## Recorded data
===

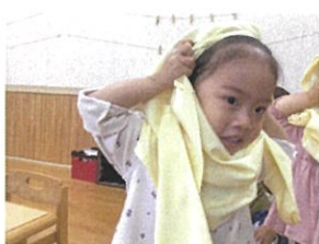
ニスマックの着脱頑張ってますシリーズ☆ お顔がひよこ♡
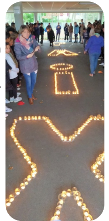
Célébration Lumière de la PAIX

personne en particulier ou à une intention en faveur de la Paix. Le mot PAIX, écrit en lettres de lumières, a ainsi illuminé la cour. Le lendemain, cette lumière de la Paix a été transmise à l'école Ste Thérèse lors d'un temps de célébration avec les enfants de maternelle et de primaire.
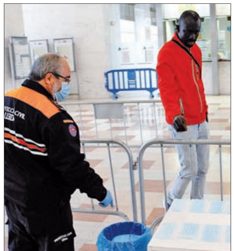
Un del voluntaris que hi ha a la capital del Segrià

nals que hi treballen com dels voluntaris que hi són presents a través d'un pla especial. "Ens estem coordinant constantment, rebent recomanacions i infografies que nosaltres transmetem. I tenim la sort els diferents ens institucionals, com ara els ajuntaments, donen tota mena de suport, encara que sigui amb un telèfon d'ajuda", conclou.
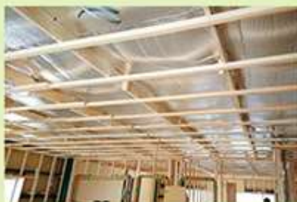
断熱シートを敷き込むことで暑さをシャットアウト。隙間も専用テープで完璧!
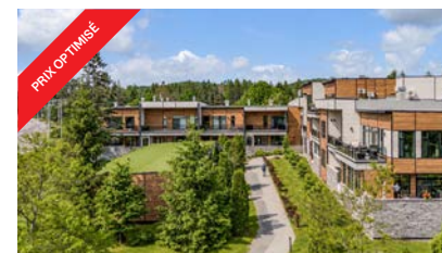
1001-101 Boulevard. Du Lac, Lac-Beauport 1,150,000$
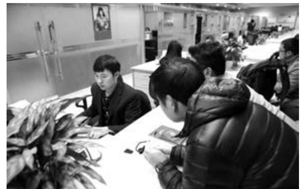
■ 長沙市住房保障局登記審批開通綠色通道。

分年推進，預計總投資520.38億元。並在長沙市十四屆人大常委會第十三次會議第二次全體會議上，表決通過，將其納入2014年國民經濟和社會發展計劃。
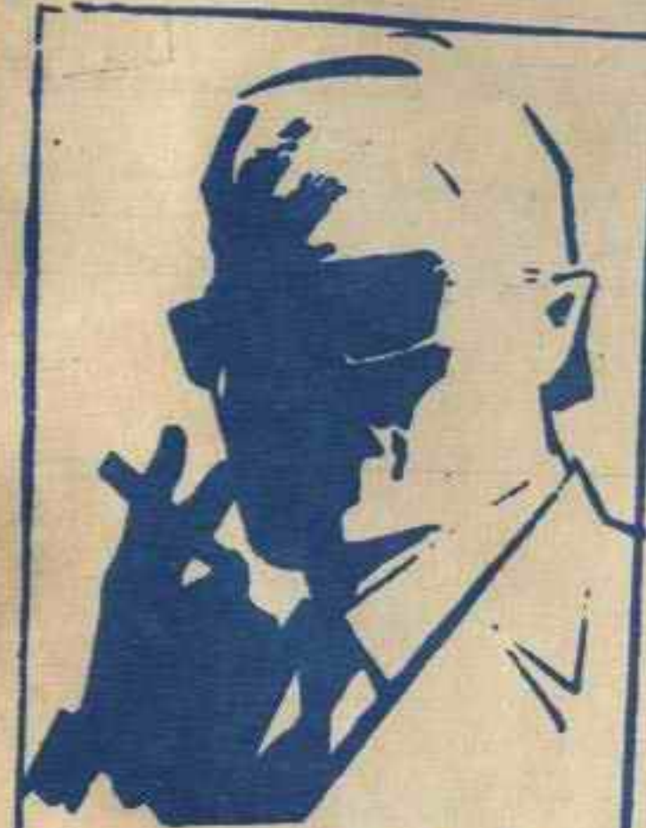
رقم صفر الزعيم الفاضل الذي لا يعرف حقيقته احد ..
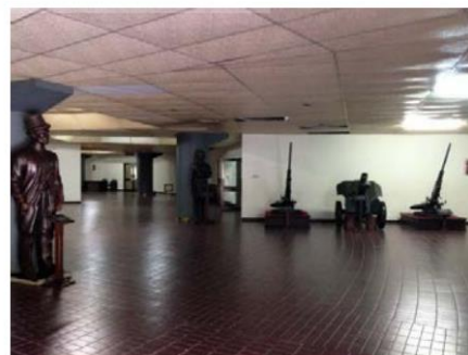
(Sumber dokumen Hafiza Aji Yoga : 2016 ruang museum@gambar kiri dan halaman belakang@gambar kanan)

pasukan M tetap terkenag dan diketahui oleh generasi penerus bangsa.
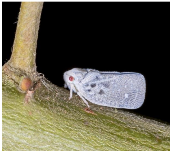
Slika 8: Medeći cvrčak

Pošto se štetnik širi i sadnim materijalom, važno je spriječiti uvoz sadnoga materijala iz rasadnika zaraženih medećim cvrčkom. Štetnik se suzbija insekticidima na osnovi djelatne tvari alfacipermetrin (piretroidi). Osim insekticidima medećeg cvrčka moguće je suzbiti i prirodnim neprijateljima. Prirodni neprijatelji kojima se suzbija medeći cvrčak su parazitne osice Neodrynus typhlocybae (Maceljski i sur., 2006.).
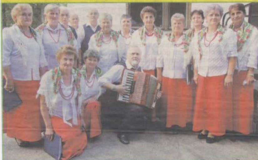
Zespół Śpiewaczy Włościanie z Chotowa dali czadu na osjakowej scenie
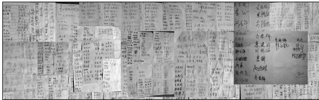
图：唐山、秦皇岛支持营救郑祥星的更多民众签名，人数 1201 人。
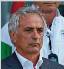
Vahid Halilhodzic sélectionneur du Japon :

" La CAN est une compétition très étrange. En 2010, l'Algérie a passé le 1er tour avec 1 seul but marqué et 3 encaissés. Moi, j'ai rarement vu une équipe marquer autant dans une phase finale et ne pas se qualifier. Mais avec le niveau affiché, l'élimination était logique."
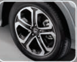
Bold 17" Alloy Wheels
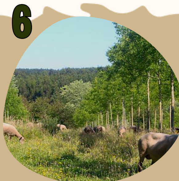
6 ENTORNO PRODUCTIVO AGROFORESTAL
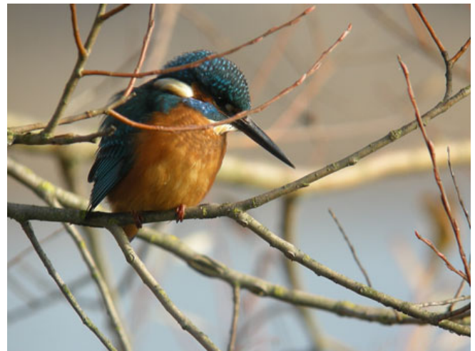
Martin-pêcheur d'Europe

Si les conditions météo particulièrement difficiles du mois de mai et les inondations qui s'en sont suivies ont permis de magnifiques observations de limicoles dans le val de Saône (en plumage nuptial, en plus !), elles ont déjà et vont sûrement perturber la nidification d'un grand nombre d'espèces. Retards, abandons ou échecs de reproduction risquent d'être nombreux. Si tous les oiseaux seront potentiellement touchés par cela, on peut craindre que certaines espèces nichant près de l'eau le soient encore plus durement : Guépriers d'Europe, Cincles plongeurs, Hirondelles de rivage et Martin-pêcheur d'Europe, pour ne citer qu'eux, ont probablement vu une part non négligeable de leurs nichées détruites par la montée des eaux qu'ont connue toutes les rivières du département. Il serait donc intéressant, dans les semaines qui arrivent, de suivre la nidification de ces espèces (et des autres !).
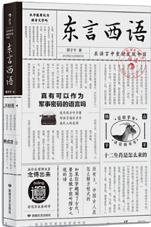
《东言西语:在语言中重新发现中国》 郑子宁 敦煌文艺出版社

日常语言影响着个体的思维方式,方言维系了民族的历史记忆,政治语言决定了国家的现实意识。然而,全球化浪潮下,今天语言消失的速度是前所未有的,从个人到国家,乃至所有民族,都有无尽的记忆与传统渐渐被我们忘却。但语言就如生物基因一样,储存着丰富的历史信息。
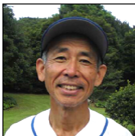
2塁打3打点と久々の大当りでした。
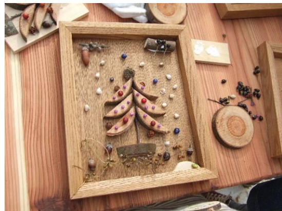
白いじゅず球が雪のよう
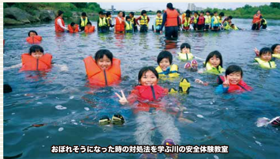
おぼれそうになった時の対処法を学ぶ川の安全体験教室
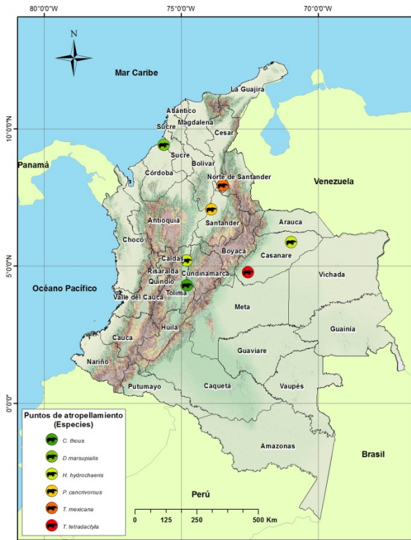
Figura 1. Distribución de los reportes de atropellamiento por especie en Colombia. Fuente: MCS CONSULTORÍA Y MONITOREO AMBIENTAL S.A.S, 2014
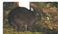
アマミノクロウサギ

===

## What you should do
Begin at the top of the records above and retype each line exactly until the line containing "断熱シートを敷き込むことで暑さをシャットアウト。隙間も専用テープで完璧!", which is included. Skip all pictures.

## Exercise answer
ニスマックの着脱頑張ってますシリーズ☆ お顔がひよこ♡
Célébration Lumière de la PAIX

personne en particulier ou à une intention en faveur de la Paix. Le mot PAIX, écrit en lettres de lumières, a ainsi illuminé la cour. Le lendemain, cette lumière de la Paix a été transmise à l'école Ste Thérèse lors d'un temps de célébration avec les enfants de maternelle et de primaire.
Un del voluntaris que hi ha a la capital del Segrià

nals que hi treballen com dels voluntaris que hi són presents a través d'un pla especial. "Ens estem coordinant constantment, rebent recomanacions i infografies que nosaltres transmetem. I tenim la sort els diferents ens institucionals, com ara els ajuntaments, donen tota mena de suport, encara que sigui amb un telèfon d'ajuda", conclou.
断熱シートを敷き込むことで暑さをシャットアウト。隙間も専用テープで完璧!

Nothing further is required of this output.